Improving algorithms in specs

Hello spec editors, contributors, and spec authoring tools authors,

Reffy [1], the crawler that powers the cross-references database used in 
Bikeshed and Respec, now also extracts algorithms from specs (see 
extracts in Webref [2]). This makes analyses and automated detection of 
problems possible, at least in theory. First automated analysis of 
algorithm steps that run in parallel reveals that it's easy to get 
things wrong when a Promise or an event is involved [3]. Dom and I are 
planning to file spec issues to report detected problems, on a 
semi-automated basis using Strudy [4], as we already do for broken 
links.

Looking beyond this first analysis, various improvements could be 
considered to make it easier to detect bugs early on and write correct 
algorithms. Some are listed below. We're seeking input on what's doable 
or worth exploring. If you have stories of bugs that you uncovered and 
fixed in algorithms that could perhaps be detected automatically, we're 
also interested!

Some possible improvements to consider:

1. Converge on a common way to flag, define, and reference algorithms.
Reffy currently needs to rely on a number of heuristics to extract 
algorithms and extraction is far from perfect (some limitations are 
noted as TODO notes in [5]).

a) Flagging algorithms
Bikeshed supports an `algorithm` attribute to flag algorithms. Respec 
supports `class="algorithm"`, but that is more used to identify the 
actual algorithm steps. These mechanisms are used inconsistently for 
now, or not at all.

b) Defining algorithms
Infra describes conventions for algorithms [6], including ways to define 
them. These conventions are also used inconsistently or not at all. From 
a spec authoring perspective, it's not clear what definition type to use 
(`abstract-op` looks good and is sometimes used, but there are lots of 
definitions that use the `dfn` type). There is also no common mechanism 
to precisely define the parameters that algorithms may take.

c) Referencing algorithms
Different specs use different wording to call algorithms and pass 
parameters. This makes it harder to "follow" variables, inputs and 
outputs, across algorithms.

2. Converge on constructs.
Specs have mostly converged on using possibly nested ordered lists to 
describe algorithm steps. That's good! There remain divergences on the 
way common constructs such as "if/then/else" or "try/catch" get written. 
Similarly, some specs mix different operations within a single step 
while others use more atomic specs. There's a balance to be found 
between readability and formalism. More readability is better for 
readers and is usually more compact. More formalism is better for 
automated parsing and analyses.

3. Converge on terms and actions used in algorithms.
While exploring heuristics to detect algorithm steps and distinguish 
them from a simple list of items, I started building a list of actions 
that appear at the beginning of steps [7]. That reveals the many verbs 
that specs use to tell implementers what needs to be done. Some have 
formal definitions. The meaning of others is more fuzzy. Ideally, the 
meaning of all operations would be normatively defined somewhere. For 
example, steps that run in parallel should mainly reference terms 
defined in Infra (such steps are not supposed to manipulate observable 
JavaScript objects).

To ease the burden on spec authors, it would be fantastic if progress on 
the above did not entail more work on their part. That is what spec 
authoring tools excel at, and another reason why we're seeking input.

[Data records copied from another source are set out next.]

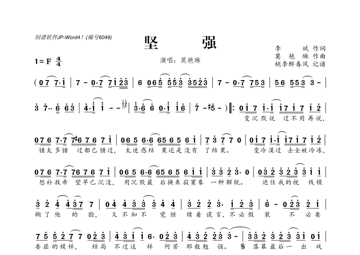 《坚强》是莫艳琳演唱的一首歌曲,拍号为4/4拍,这份简谱共有一张高清图谱,图谱由 @桃李醉春风 编配上传。
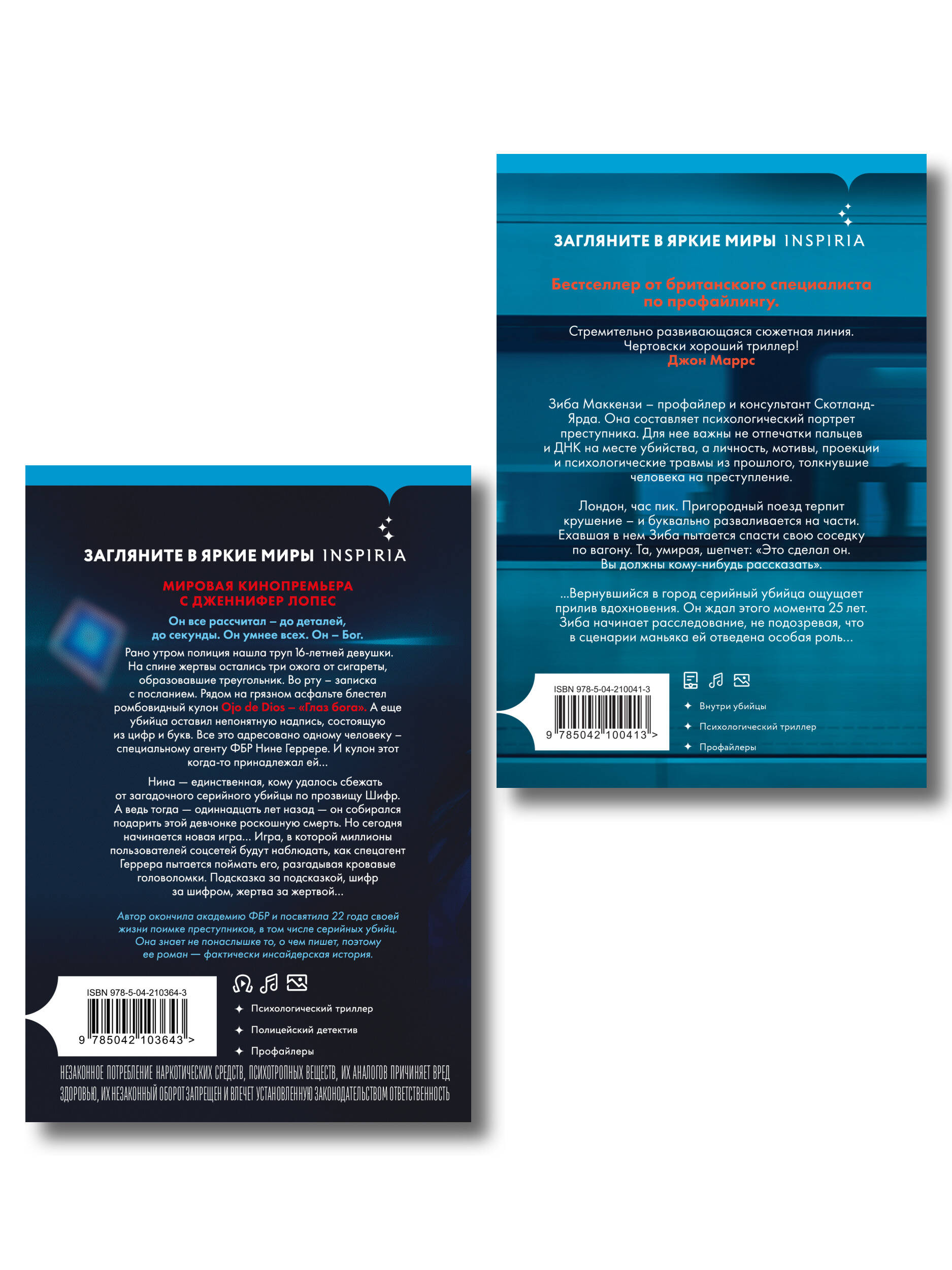 НЕЗАКОННОЕ ПОТРЕБЛЕНИЕ НАРКОТИЧЕСКИХ СРЕДСТВ, ПСИХОТРОПНЫХ ВЕЩЕСТВ, ИХ АНАЛОГОВ ПРИЧИНЯЕТ ВРЕД ЗДОРОВЬЮ, ИХ НЕЗАКОННЫЙ ОБОРОТ ЗАПРЕЩЕН И ВЛЕЧЕТ УСТАНОВЛЕННУЮ ЗАКОНОДАТЕЛЬСТВОМ ОТВЕТСТВЕННОСТЬ. «Границы безумия» Зиба Маккензи - профайлер и консультант Скотланд-Ярда. Она составляет психологический портрет преступника. Для нее важны не отпечатки пальцев и ДНК на месте убийства, а личность, мотивы, проекции и психологические травмы из прошлого, толкнувшие человека на преступление. Лондон, час пик. Пригородный поезд терпит крушение - и буквально разваливается на части. Ехавшая в нем Зиба пытается спасти свою соседку по вагону. Та, умирая, шепчет: «Это сделал он. Вы должны кому-нибудь рассказать». ...Вернувшийся в город серийный убийца ощущает прилив вдохновения. Он ждал этого момента 25 лет. Зиба начинает расследование, не подозревая, что в сценарии маньяка ей отведена особая роль… «Шифр» Он кодирует чужую смерть. Разгадаете его послание - предотвратите убийство. Но вряд ли вы успеете… Ведь он все рассчитал - до деталей, до секунды. Он умнее всех. Он - Бог. Рано утром полиция нашла труп 16-летней девушки. На спине жертвы остались три ожога от сигареты, образовавшие треугольник. Во рту - записка с посланием. Рядом на грязном асфальте блестел ромбовидный кулон Ojo de Dios - «Глаз бога». А еще убийца оставил непонятную надпись, состоящую из цифр и букв. Все это адресовано одному человеку - специальному агенту ФБР Нине Геррере. И кулон этот когда-то принадлежал ей… Нина - единственная, кому удалось сбежать от загадочного серийного убийцы по прозвищу Шифр. А ведь тогда - одиннадцать лет назад - он собирался подарить этой девчонке роскошную смерть. Но сегодня начинается новая игра… Игра, в которой миллионы пользователей соцсетей будут наблюдать, как спецагент Геррера пытается поймать его, разгадывая кровавые головоломки. Подсказка за подсказкой, шифр за шифром, жертва за жертвой…| Издательство | ООО "Издательство "Эксмо" |
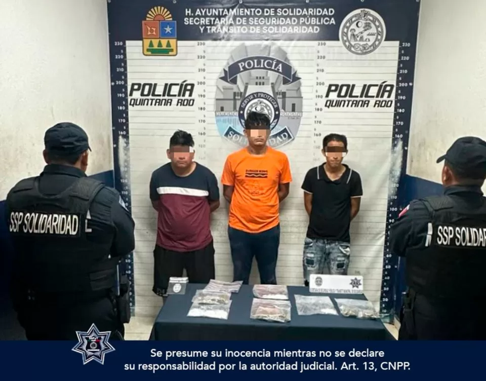 Cuando patrullaban en el fraccionamiento Villas del Sol, los policías aseguraron al campechano Zeus “N”, de 25 años de edad; al chetumaleño Ronal “N”, de 22 años, y al chiapaneco Jesús “N”, de 32 años, con 76 envoltorios con metanfetamina y ocho con marihuana, luego de ser sorprendidos junto a un vehículo tipo Saveiro intercambiándose los narcóticos.
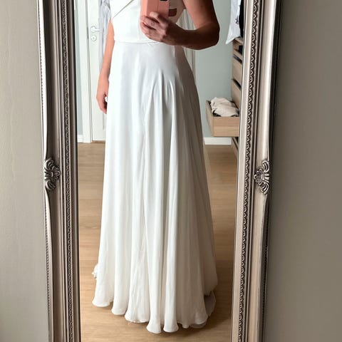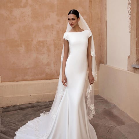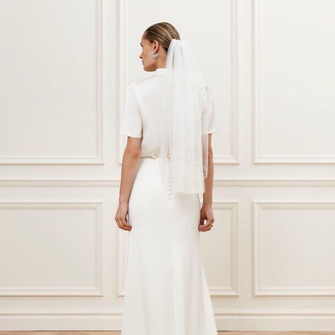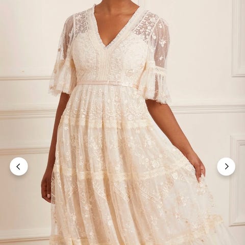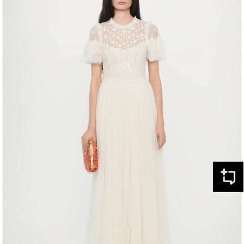 Modernising the clear vintage inspirations behind this dress, the Pennyflower gown from Needle & Thread features a V-neckline and back, while the reverse is accented by a simple tie fastening. Detailed with all-over lace embroidery that underlines the label’s feminine aesthetic, the flared crop sleeves add to the ethereal narrative that this piece truly deserves.

Making algorithms more clearly identified in specs could also help 
provide more "visual" ways to read them inline. For a starting point, 
see the algorithm explorer that Dom started to visualize spec algorithms 
[8]. Marcos proposed a breakout session at TPAC 2024 on "Bringing more 
UI utilities to specs" [9]. We could perhaps discuss visualization of 
algorithms as flowcharts within that breakout.

Thanks,
François and Dom.

[1] https://github.com/w3c/reffy
[2] https://github.com/w3c/webref/tree/main/ed/algorithms
[3] https://github.com/w3c/strudy/issues/663
[4] https://github.com/w3c/strudy
[5] 
https://github.com/w3c/reffy/blob/main/src/browserlib/extract-algorithms.mjs#L37
[6] https://infra.spec.whatwg.org/#algorithms
[7] 
https://github.com/w3c/reffy/blob/main/src/browserlib/extract-algorithms.mjs#L97-L278
[8] https://dontcallmedom.github.io/algo-explorer/
[9] https://github.com/w3c/tpac2024-breakouts/issues/14

Received on Thursday, 29 August 2024 17:01:10 UTC